┏━━

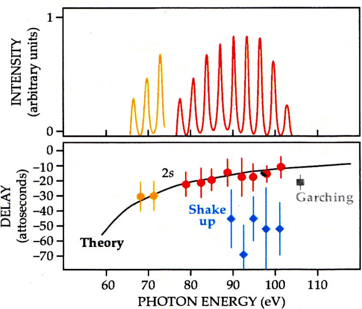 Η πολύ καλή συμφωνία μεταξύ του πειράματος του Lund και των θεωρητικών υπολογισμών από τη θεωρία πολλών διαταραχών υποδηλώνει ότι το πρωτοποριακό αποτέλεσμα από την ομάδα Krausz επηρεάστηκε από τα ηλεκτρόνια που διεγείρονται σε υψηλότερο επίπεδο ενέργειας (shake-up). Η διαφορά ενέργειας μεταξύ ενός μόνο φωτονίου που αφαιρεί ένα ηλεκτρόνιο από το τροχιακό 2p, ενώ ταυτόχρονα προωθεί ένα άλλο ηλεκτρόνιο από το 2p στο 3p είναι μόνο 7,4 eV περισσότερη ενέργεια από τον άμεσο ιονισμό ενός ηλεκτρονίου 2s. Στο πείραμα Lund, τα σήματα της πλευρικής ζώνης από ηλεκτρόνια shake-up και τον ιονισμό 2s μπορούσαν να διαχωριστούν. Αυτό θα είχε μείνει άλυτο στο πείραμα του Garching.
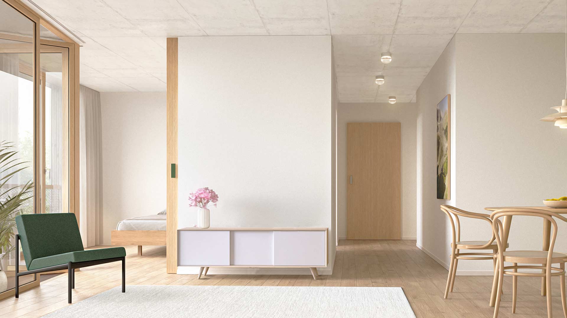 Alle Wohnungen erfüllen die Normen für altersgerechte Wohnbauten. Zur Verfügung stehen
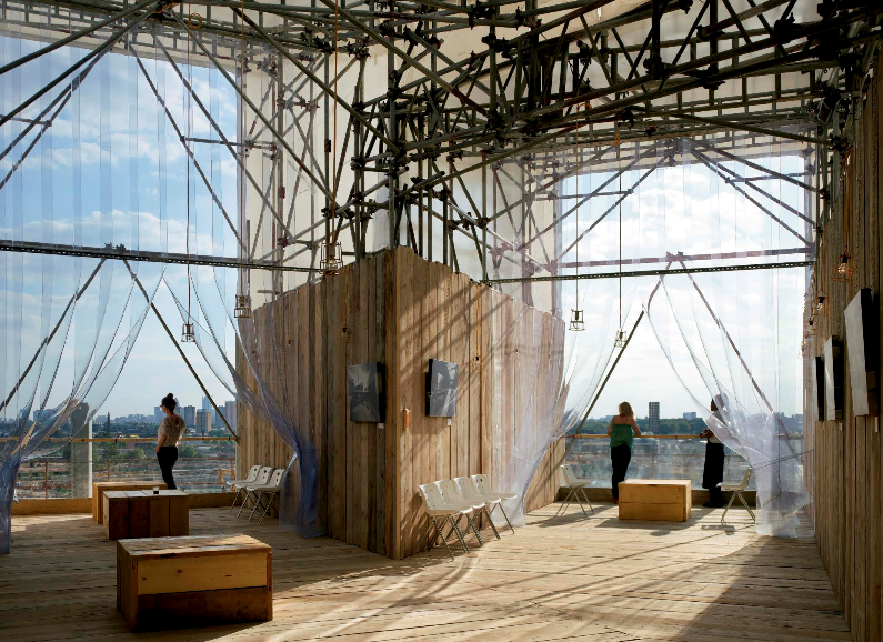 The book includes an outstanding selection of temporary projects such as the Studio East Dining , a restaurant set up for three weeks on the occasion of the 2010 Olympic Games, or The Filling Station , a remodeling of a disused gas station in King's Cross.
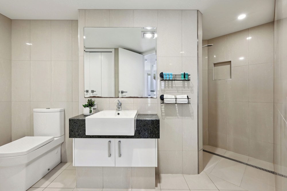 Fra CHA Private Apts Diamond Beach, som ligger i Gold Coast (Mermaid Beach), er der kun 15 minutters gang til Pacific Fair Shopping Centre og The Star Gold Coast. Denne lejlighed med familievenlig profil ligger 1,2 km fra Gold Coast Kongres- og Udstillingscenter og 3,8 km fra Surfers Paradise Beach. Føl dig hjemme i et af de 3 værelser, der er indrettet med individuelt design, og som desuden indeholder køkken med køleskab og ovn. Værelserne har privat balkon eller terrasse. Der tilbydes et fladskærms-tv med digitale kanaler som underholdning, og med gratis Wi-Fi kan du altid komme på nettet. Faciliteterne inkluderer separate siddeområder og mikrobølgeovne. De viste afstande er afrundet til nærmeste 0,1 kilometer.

┗━━
┏━━

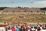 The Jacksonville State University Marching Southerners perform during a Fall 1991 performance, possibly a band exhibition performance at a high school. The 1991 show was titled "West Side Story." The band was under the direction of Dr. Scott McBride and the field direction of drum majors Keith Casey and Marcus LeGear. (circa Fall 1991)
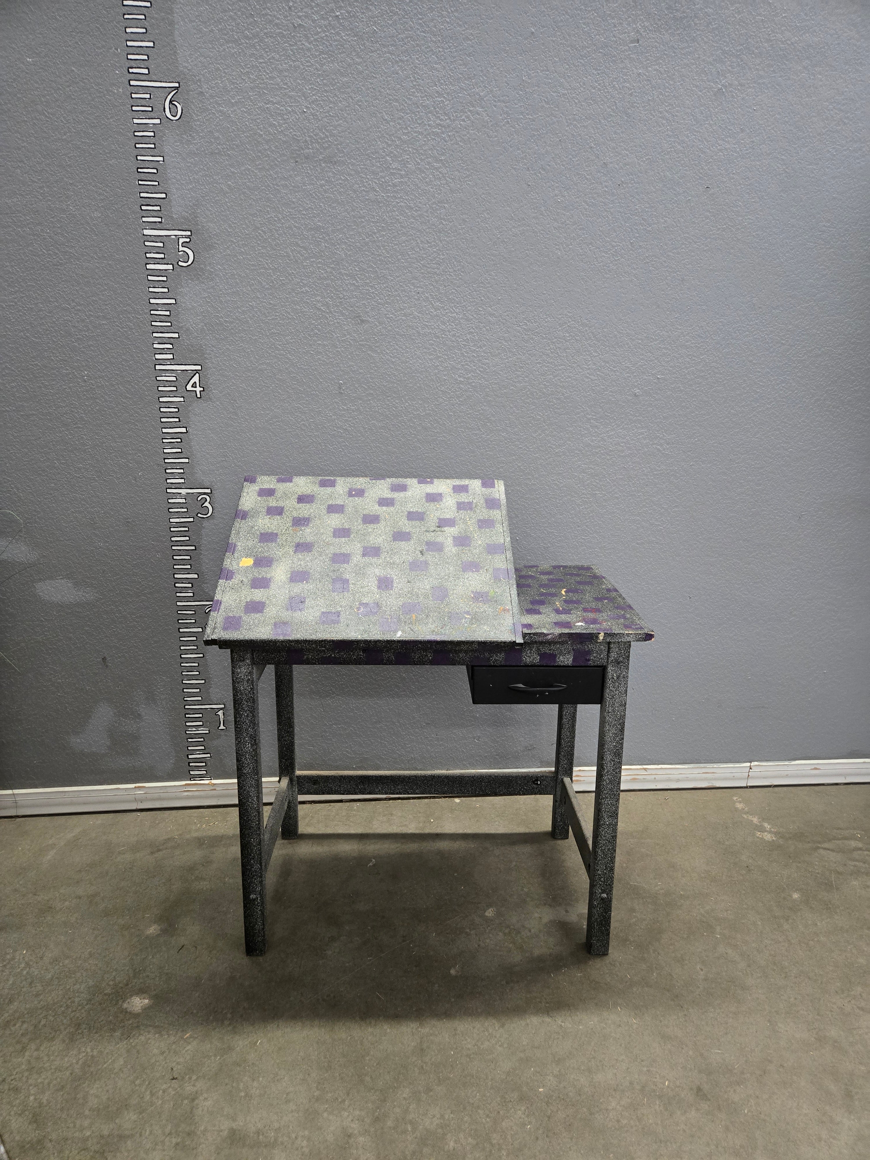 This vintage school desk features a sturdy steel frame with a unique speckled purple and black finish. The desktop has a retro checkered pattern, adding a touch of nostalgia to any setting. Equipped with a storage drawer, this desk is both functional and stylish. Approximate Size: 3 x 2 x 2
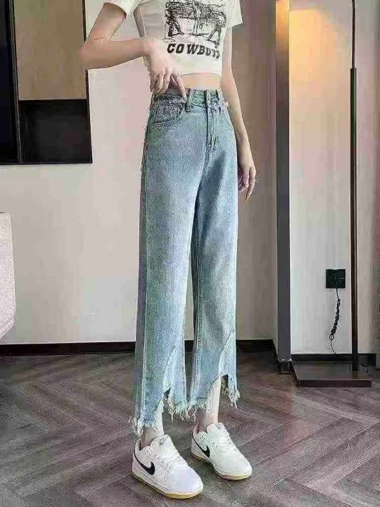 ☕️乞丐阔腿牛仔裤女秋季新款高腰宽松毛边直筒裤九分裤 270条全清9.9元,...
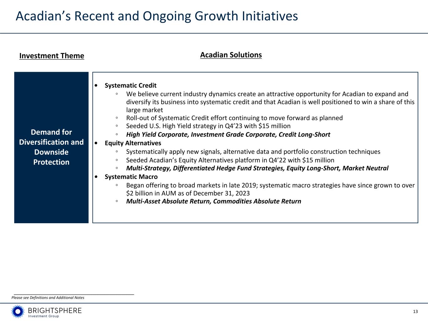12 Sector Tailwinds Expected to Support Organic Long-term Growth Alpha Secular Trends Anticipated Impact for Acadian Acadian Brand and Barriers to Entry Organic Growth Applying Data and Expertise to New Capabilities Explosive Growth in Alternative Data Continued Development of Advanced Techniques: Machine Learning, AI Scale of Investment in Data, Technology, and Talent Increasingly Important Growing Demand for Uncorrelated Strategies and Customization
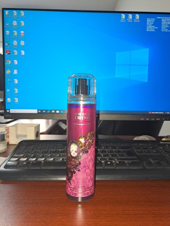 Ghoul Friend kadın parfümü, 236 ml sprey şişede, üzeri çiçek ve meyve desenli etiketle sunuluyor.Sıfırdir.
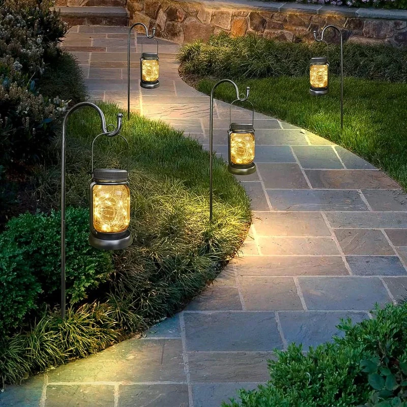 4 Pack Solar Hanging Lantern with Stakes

┗━━
┏━━

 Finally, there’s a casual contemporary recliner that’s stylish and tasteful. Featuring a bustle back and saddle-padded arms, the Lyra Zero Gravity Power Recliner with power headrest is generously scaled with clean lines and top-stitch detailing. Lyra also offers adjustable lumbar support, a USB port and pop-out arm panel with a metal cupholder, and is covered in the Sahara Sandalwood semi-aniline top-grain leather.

┗━━

Starting with the line that has "Ghoul Friend kadın" and going on through the line that has "4 Pack Solar Hanging Lantern with Stakes", transcribe the records above exactly, but skip the pictures.

### Result of the exercise
 Ghoul Friend kadın parfümü, 236 ml sprey şişede, üzeri çiçek ve meyve desenli etiketle sunuluyor.Sıfırdir.
 4 Pack Solar Hanging Lantern with Stakes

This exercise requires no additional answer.